The Denver Police Department planned to receive intelligence information from the Air Force Office of Special Investigations (OSI) about the identities and activities of participants in a peaceful demonstration outside Peterson Air Force Base in Colorado Springs in 1999, according to a document from the Denver Police Spy Files released today by the American Civil Liberties Union Foundation of Colorado (ACLU).
The disclosure supplements related documents disclosed by the ACLU last November that indicate that the Colorado Springs Police Department collected information at the same demonstration and reported it back to Denver for inclusion in the Spy Files.
The document disclosed today states that on March 27, 1999, Denver intelligence officers "monitored" the office of the American Friends Service Committee (AFSC), where protesters gathered to car pool to a demonstration at the Air Force base sponsored by Citizens for Peace in Space, the Pikes Peak Justice & Peace Commission, and AFSC. The report notes that about 20 individuals arrived at the AFSC office, and it includes the license plate numbers of about a dozen vehicles, along with information identifying the owner and the organization with which the owner is identified. The report states that the demonstrators then left in four vehicles, which are identified by asterisks in the report. It states that the protesters who drove from Denver spent about an hour at the air force base, where they were joined by approximately 80 additional individuals. According to the report, "there were no arrests or incidents."

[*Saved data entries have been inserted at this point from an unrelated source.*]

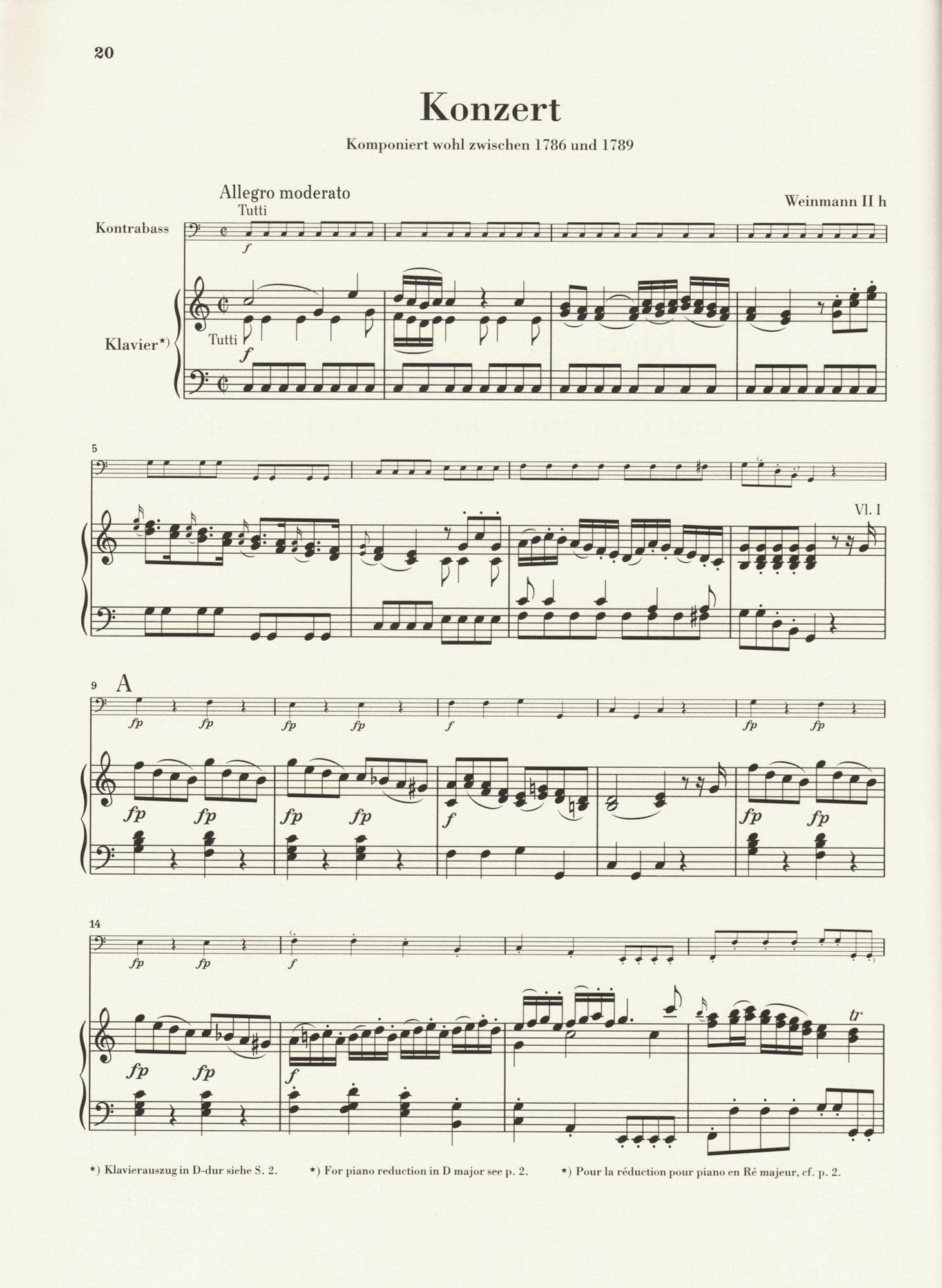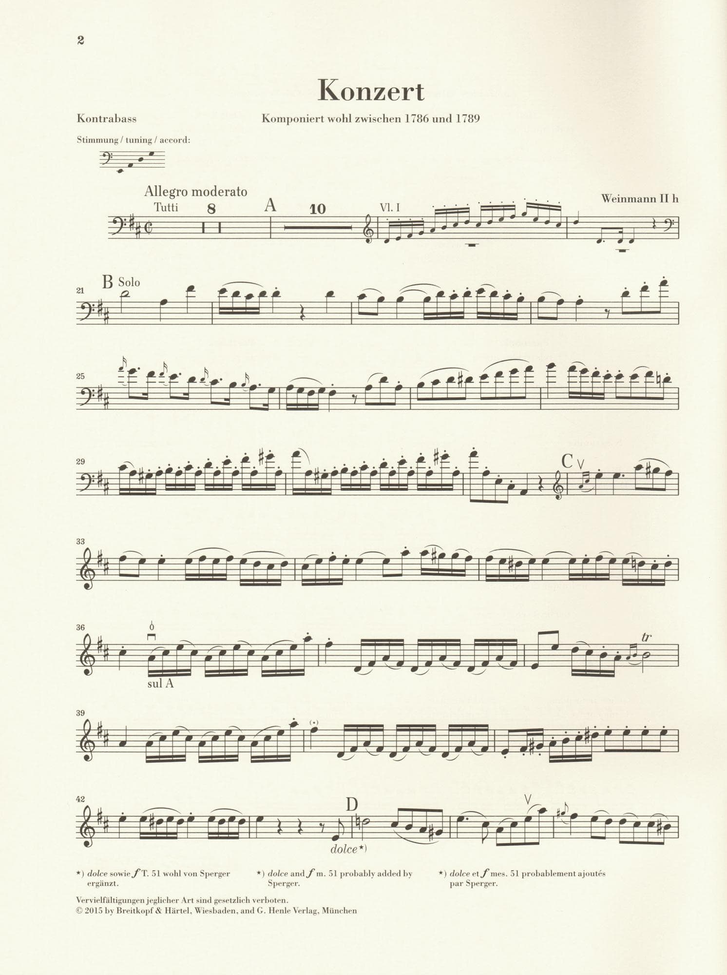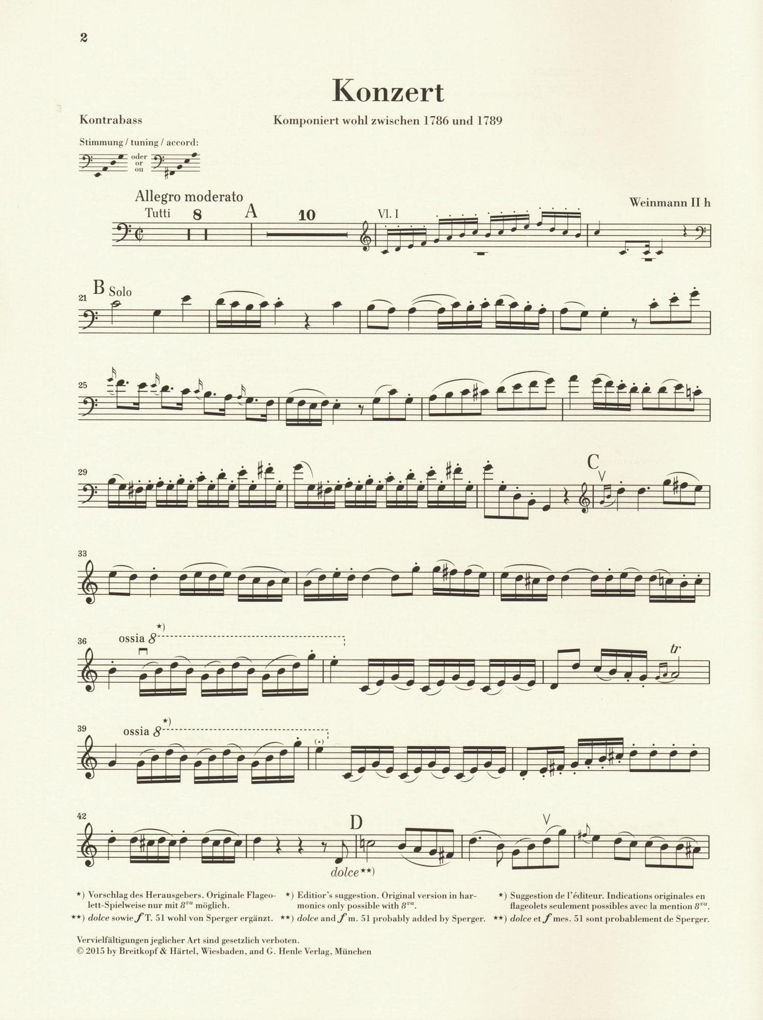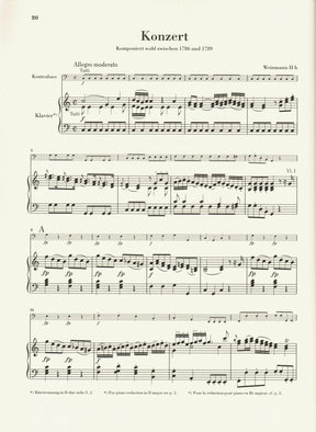 This Urtext edition includes three different engravings of the bass part which allows for four different tuning/key combinations: Standard "orchestra" tuning in C major or D major, Solo Tuning in D major, or "Viennese" tuning in D major. The piano reduction is then included twice - in D major, and in C major. The "Viennese Tuning" bass part includes Roman Numerals under the staff to always clarify which string is to be played on for any given note. Foreword and scholarly notations included.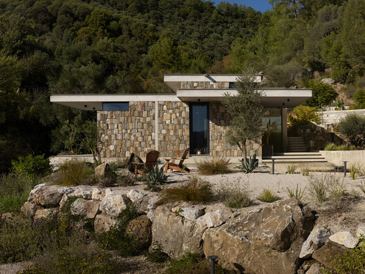 Ngôi nhà Elmali, tọa lạc tại làng Elmali yên bình ở Ula, Muğla, nằm ngay điểm giao thoa của dòng suối tự nhiên và khu rừng rậm, được bao quanh bởi những hàng thông xanh và tầm nhìn ra sườn dốc phía đông nam của làng. Dự án là sự kết hợp độc đáo giữa hai cấu trúc riêng biệt: một ngôi nhà chính hiện đại một tầng bằng bê tông với hai phòng ngủ, bếp mở, sân hiên và hồ bơi, cùng với một nhà khách được tái thiết dựa trên kiến trúc truyền thống đặc trưng của làng Ula. Sự kết hợp này không chỉ tạo nên một không gian sống đa dạng mà còn là cầu nối tinh tế giữa phong cách kiến trúc đương đại và di sản văn hóa địa phương.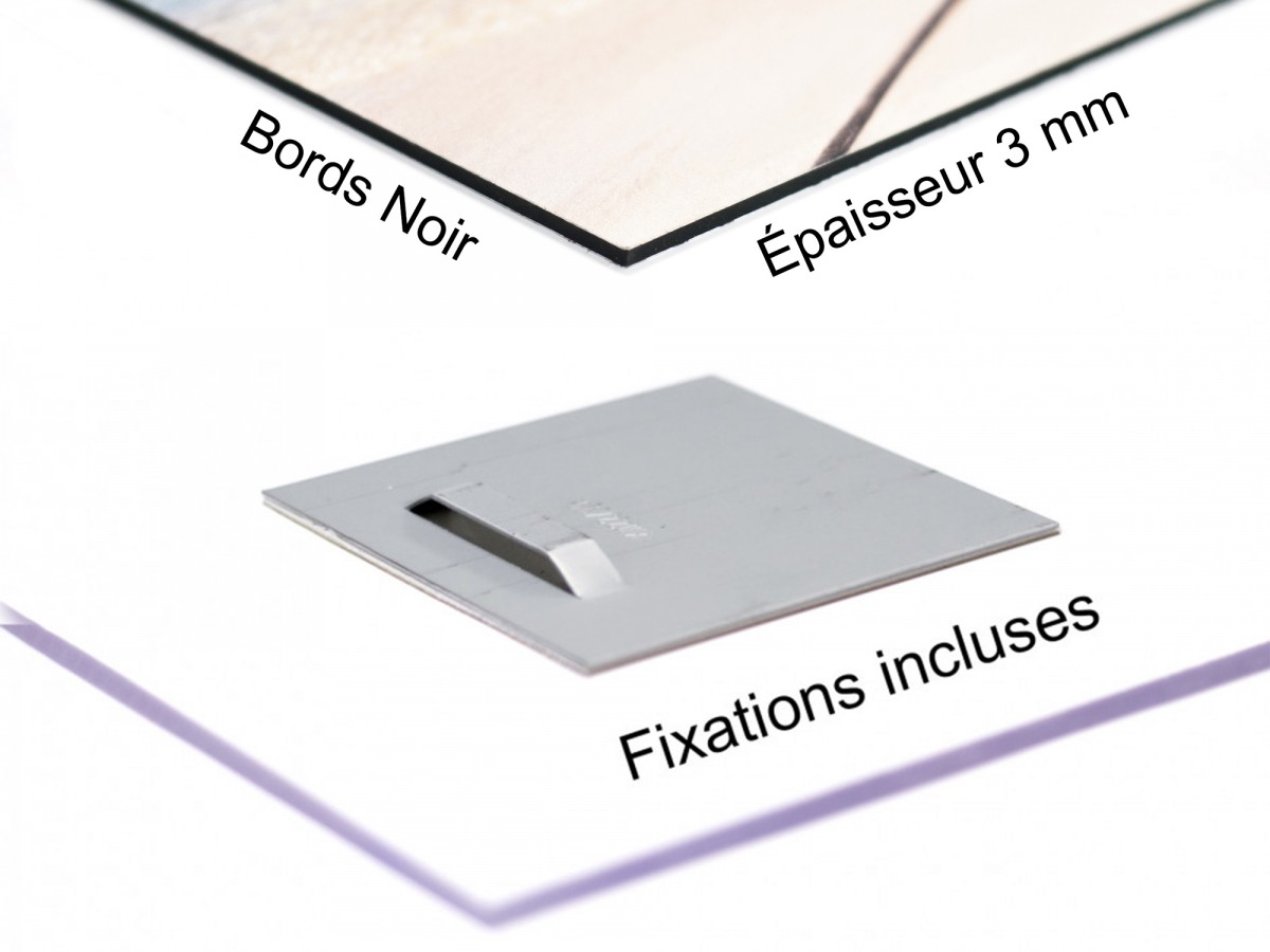 Fabriqué à partir de deux plaques d’aluminium thermocollées de part et d’autre d’une âme en polyéthylène, le Dibond est reconnu pour sa solidité exceptionnelle et sa résistance aux intempéries, à la corrosion et aux rayons UV. La surface blanche thermolaquée garantit une impression éclatante et des détails précis, pour une œuvre d’une qualité irréprochable.

The report concludes by stating that "Colorado Springs PD and AF OSI monitored the group and will supply intelligence information soon."

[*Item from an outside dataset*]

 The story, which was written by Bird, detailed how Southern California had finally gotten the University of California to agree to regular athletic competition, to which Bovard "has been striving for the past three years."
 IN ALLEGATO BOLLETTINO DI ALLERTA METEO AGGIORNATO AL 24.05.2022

"This document indicates that the Denver Police Department expected to receive information about the participants in a peaceful demonstration from both the Air Force Office of Special Investigations as well as the Colorado Springs Police Department," said Mark Silverstein, ACLU Legal Director. "As the related document disclosed in November confirms, the Denver police did in fact receive license plate numbers and other identifying information about thirty individuals who were identified as participants, and that information went straight into the Denver police Spy Files."
"Although this document refers to intelligence information that the Denver police department expected to receive from the Air Force," Silverstein continued, "the sharing of intelligence information surely goes both ways. This document raises questions about the extent to which the Denver Police Department has shared information from the Spy Files - including the false and defamatory characterization of peaceful groups as "criminal extremist" -- with the Air Force Office of Special Investigations and other federal agencies as well."
The AFSC is one of the plaintiffs in the ACLU's ongoing class action lawsuit that challenges the Denver Police Department's Spy Files and the practice of monitoring peaceful protesters and keeping files on the expressive activities of peaceful critics of government policy.